Site icon Zero-Waste Chef

My Favorite Kitchen Gadgets

In my tiny kitchen, every item must earn its keep. I do own some gadgets that I use infrequently—such as my food mill and cherry pitter—but sure am happy to have them when I need them. This list includes items I find indispensable and use at least every week and often every day.

1. Jars, jars and more jars

I can never have too many jars. Some women covet shoes. I covet Le Parfait jars. I use my jars for:

A small sampling of my jars

2. Wide-mouth funnel

If you share my jar addiction, you’ll find a wide-mouth funnel useful for filling your jars without slopping food all over the place. I’ve had my stainless steel wide-mouth funnel for at least 15 years, probably 20.

3. Homemade produce and bulk bags

I sew very basic produce bags. (Read more here and here.) I cut out a rectangle of fabric, serge the top edge to finish it, fold the fabric in half and serge the side and bottom. I have been making these since 2011 and have yet to wear one out. I’ve used new fabric with pretty patterns on it, old sheets, pillow cases and plain new muslin for these. I’m currently working with someone to help her reduce the waste in her commercial kitchen and I told her to start by using these bags. She offered to trade me meals for bags. (I love to barter. One day I’ll write a post about zero money…)

These bags, like jars, serve several purposes:

Spinning salad greens
Spun greens ready for storage (or eating)

4. Thin linens

I use these for proofing bread and for straining scrap vinegar, broths, beet kvass, yogurt and so on. I also cover my large jars of kombucha with very thin cloths. The thinner the better. Typical cheesecloth you find at the grocery store doesn’t work for me. I find it difficult to handle and the weave too loose. 

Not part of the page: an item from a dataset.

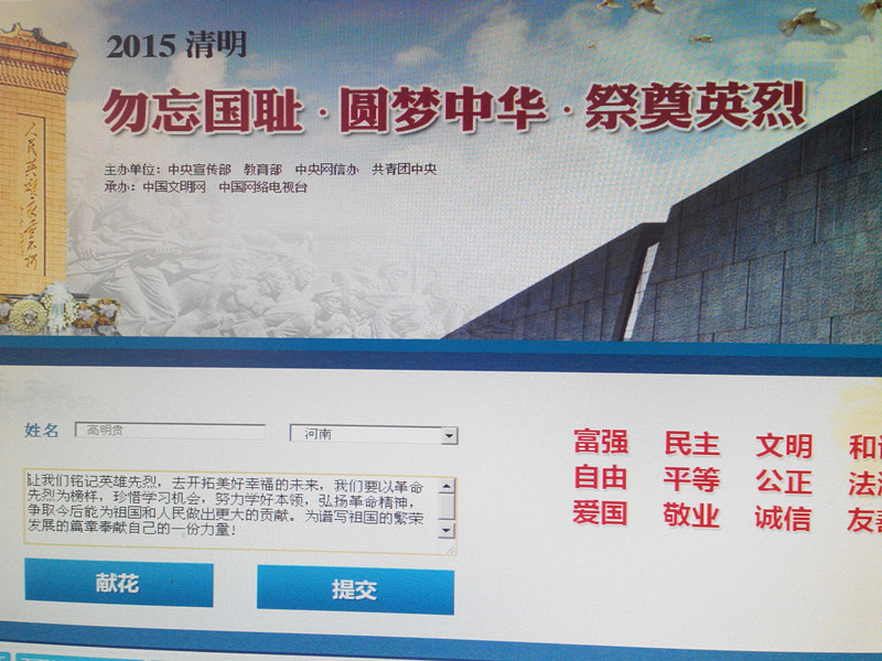 为弘扬中华民族优秀传统文化,引导我院学生慎终追远、缅怀先辈,铭记革命先烈光荣事迹,倍加珍惜今天幸福生活,值清明节来临之际,数学与信息学院组织了“勿忘国耻、圆梦中华、祭奠英烈”网上祭先烈活动。

Another bonus of thin linens—they require less space in the washing machine and consume less water to wash. (For the bathroom, I go for small, thin towels also. Certain people I live with dislike my penchant for efficient drying off, but we don’t really need body-size towels so thick I can fit only two in a load of laundry.)

Straining scrap vinegar

5. Homemade lame

I have written about my homemade lame many times on my blog. It changed my life! With it, I can score my sourdough bread well, giving the loaves more room to expand when they rise. This little gadget—a wooden stir stick with a razor blade attached to the end—took my sourdough bread to the next level. My sharp knife simply did not work as well. And the lames I have seen online and in stores have plastic handles with fixed blades you can’t replace—you chuck the whole thing when the blade loses its edge. Even if you can sharpen the blade somehow, I don’t like the plastic handle.

Homemade tools: cherry pitter (left) and lame (right)

6. One good knife

I actually have more than one good knife (I received a set for Christmas one year) but I use my 9-inch chef’s knife constantly while the others (except my bread knife) just sit in the knife block. If you bake bread, you’ll likely want a good bread knife. I don’t want to mangle my homemade sourdough bread.

7. Dutch oven

When I first started using my Dutch oven, I loved it so much, I told my coworkers I wanted to be buried in a Le Creuset coffin. They pointed out no one would be able to lift it… I use my Dutch oven constantly—for baking bread, making soup, dal, baked beans, channa masala, chili…all sorts of stuff.

8. Vegetable scrubber

I use a natural bristle scrubber with a wooden handle to scrub root vegetables like carrots and potatoes. Ideally, I do this at the beginning of the week when I bring home my haul from the farmer’s market.

Vegetable scrubber on the sink (sorry it’s a little blurry…)

9. Kitchen scale

As you read through this list, you may notice a low-tech theme to these. Only the scale requires power (a battery) and if I had my life to live over again, I would get a mechanical spring scale (and a PhD). Not that I dislike my digital scale—I use it constantly. If you do any serious baking, measuring ingredients with a scale will give you more consistent results. Flour measured by weight doles out the same amount each time. If you measure by volume, the amount of flour will always vary. Also, you can measure faster with a scale. I just dump flour into a bowl on the scale in a few seconds, rather than having to measure it out cup by cup by cup.